Kami menuju kantor TMI dengan perasaan gelisah tak tenang, kami bertanya-
tanya mengapa kami dipanggil bagian pengasuhan. Sesampainya di kantor kami
langsung memberi salam.
“assalamu’alaikum”.
“wa’alaikumsalam, silahkan masuk!!!” jawab ustadz bagian pengasuhan yang
sedang duduk dikursi, iapun langsung bertanya untuk mengintrogasi kami.
“Aldy, kamu ada dimana malam minggu tanggal 13?”
“di pondok ustadz” jawabku merasa tak berdosa.
“terus kamu Rendy?”
“sama ustadz di pondok” jawab Rendy.
“Aldy kamu punya facebook tidak?” Tanya ustadz.
“punya ustadz “ jawabku.
“malam minggu bener ada di pondok? Mengapa difacebook kamu statusnya
baru, terus Rendy mengapa bisa komenter statusnya Aldy?” Tanya utadz mendesak
kami.
“mmm…mungkin kakak saya ustadz yang buka, lagi pula dia yang
membuatkannya untuk saya.” Jawabku mencoba membantah.
“Lalu ini apa?” ustadz membentak, sambil memberikan kertas hasil percakapan
di facebook.
“ini tertulis tentang perasaan kalian berdua di pondok sementara tidak mungkin
orang lain menulis seperti ini” ustadz mendesak kembali.
“Tapi ustadz itu bener bukan saya” aku mencoba meyakinkan.
“ya udah,saya nggak mau denger alasan dari kamu lagi, yang penting kamu besok
harus botak”ustadz menegaskan pada kami berdua. Kami tak berdaya dan harus
menerima semua kenyataan karena inilah buah dari perbuatan yang kami perbuat.
Kami langsung menuju asrama dengan perasaan yang kacau-balau laksana kaca yang
pecah berkeping-keping.tak ada kata-kata lagi yang keluar dari mulutku..
Pagi pun tiba matahari menyinari bumi dengan sinarnya yang terang-benderang,cahaya
matahari terasa lebih terang hari ini, karena telah muncul dua matahari baru, kilauan
cahaya itu dari dua kepala yang telah digunduli hingga botak tak tersisa sehelai rambut
pun, dan jika ada kutu yang hinggap di kepala kami maka kutu itu akan terpeleset
karena kepala kami sangat licin saking botaknya.

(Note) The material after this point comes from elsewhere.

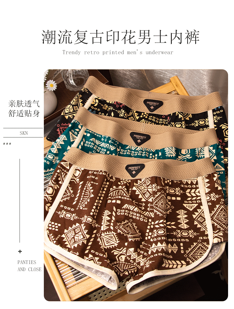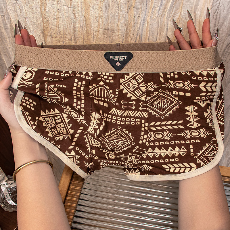 아메리칸 스타일 레트로 민족 스타일 남자 속옷 아마야 코튼 통기성 스포츠 복서 바지 남자 복서 바지스토어 가기
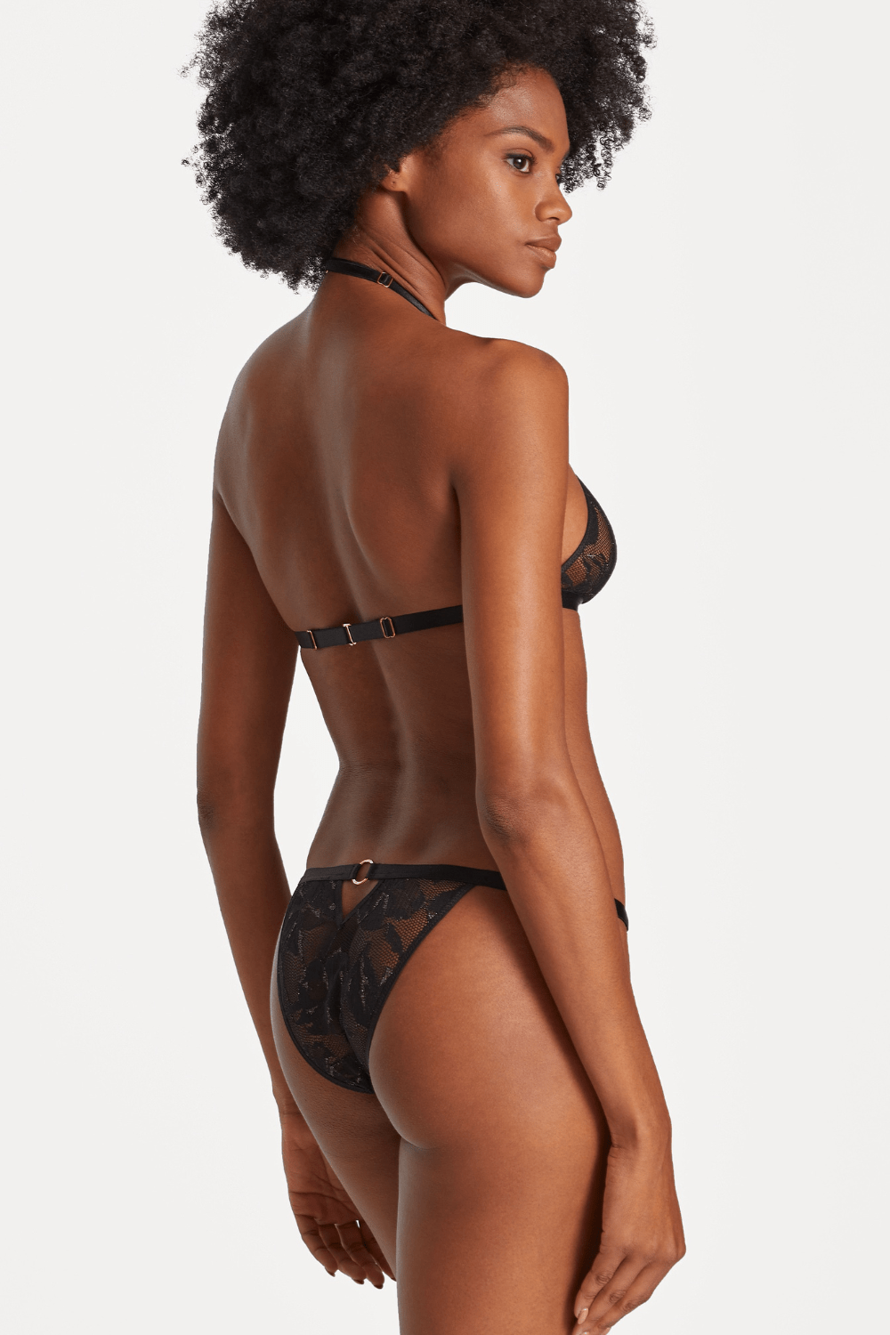 The alluring Nuit Twist and Love set includes a triangle bralette and low-rise brief crafted from floral lace enhanced with subtle lurex accents. Its elegant shimmer adds a touch of glamour, creating a captivating and memorable ensemble.

Dari sini kami menyadari bahwa kami tidak boleh bosan untuk menjadi orang baik.
Untuk mengenang kejadian ini aku menulis sebuah puisi yang berisi akan
penyesalanku.
Penyesalanku
Telah ku langgar segala peraturan
Telah ku lewati semua larangan
Untuk menghilangkan kepenatan
Hingga ku rasakan kebahagiaan
Namun semua itu hanya tipu daya setan
Yang telah menjerumuskaku ke jurang penyesalan
Ku menyesali atas semua kakhilafan
Kini yang ku rasakan hanyalah penyesalan
Semua penyesalan kurasakan
Setelah mahkotaku berguguran
Semua ini adalah hukuman
Yang mengjariku arti kehidupan
Kini aku mengerti bahwa hidup ini sangat berarti bukan hanya untuk mengejar
kesenangan belaka, akan tetapi aku harus menjalani hidup ini dengan penuh
kasabaran, karena hidup hanyalah satu kali maka aku harus melakukan sesuatu yang
berarti. Aku kembali seperti dulu selalu taat akan semua peraturan.